Reinforcement Learning Engineering Intern
Location: Downtown Pensacola, FL
Type: Full-time Internship, 40 hours/week
About the Internship
The Reinforcement Learning Engineering Internship is an opportunity for Bachelors and Masters candidate students to join and contribute to the Persona team as we develop our industrial humanoids. Our objective is to provide each intern with a positive learning environment, hands-on experience with humanoids, and ownership over their own project direction. We are looking for students with an excitement for learning, technical excellence, and creative problem-solving skills.

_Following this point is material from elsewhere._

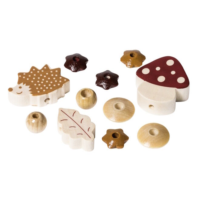 Setti puuhelmiä tuttiketjuun. 11 kpl. Materiaalit: pyökki, vaahtera.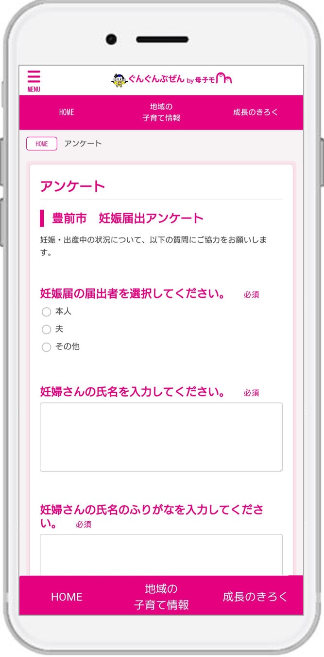 この度、母子手帳アプリ『ぐんぐんぶぜん』追加機能として、妊娠届出や母子手帳交付時アンケート・来庁予約、給付金の申請などを行うことが可能となりました。

Each intern will have a designated mentor to provide guidance and assistance in developing and making progress towards a target goal. We have a strong bias for projects that lead to software, controls, or policies deployed on our hardware and extending the capabilities of our systems. Projects will be jointly planned by the intern and their mentor to build on the intern's background, extend their experience to new areas of interest, and fit into the broader goals of the Persona reinforcement learning team.
Role Description
For this role, the specific tasks will be defined prior to the start date by the mentor and the intern based on their experience, proficiency, and personal interests. The scope may also be adjusted to fit the project within the intern's time-frame. We encourage interns to share their interests even if they may be entirely different from their technical background. Some example general tasks that may be a part of any project are described below:
  • Develop new simulation training environments
  • Design new behaviors or extend capabilities for the Persona robots
  • Deploy to hardware, log data, and analyze results
  • Create or implement new algorithms for modeling, training, sensing, or deployment
  • Characterize hardware sensors, actuators, and general robot parameters
Qualifications
  • Current Undergraduate or Masters student
  • Software proficiency in Python, C/C++, Java, or Rust
  • Experience with basic machine learning concepts
Bonus Experience
  • Worked with Pytorch or similar
  • Physics simulator experience such as IsaacLab/IsaacSim, Mujoco, or similar
  • Deployed controls software to robot hardware
  • Trained policies with reinforcement learning
  • Worked with motion diffusion models or VLAs
  • Experience with character animation
  • Worked on vision or localization
Open Technical Areas
  • Perception
  • Locomotion
  • Manipulation
  • Motion Planning
  • Imitation Learning
  • Motion Retargeting
  • Sim-to-Real Modeling
Application Timeline
We are accepting applications on a rolling basis. We will interview and make offers for upcoming intern cohorts until we fill all openings. We will close the application process for an upcoming cohort approximately 3 months before the start of the cohort and recommend applying approximately 6 months in advance.
Note: we are no longer accepting applications for Summer 2026.
The interview process we are currently following involves two interviews. First, a phone pre-screen with a member of our staff. Second, a presentation and discussion interview with one to two of our engineers. The presentation is meant to be informal and give an opportunity for you to share your background, experiences, and interests. We like the chance to see pictures and videos of your projects and hear what part of robotics excites you most! We will also give an overview of the work we are doing here at Persona AI and leave time for you to ask us questions.
We aim to get back to you as soon as we can but it may take a few weeks, especially in between cohorts. Please know we are working on it and will get back to every application!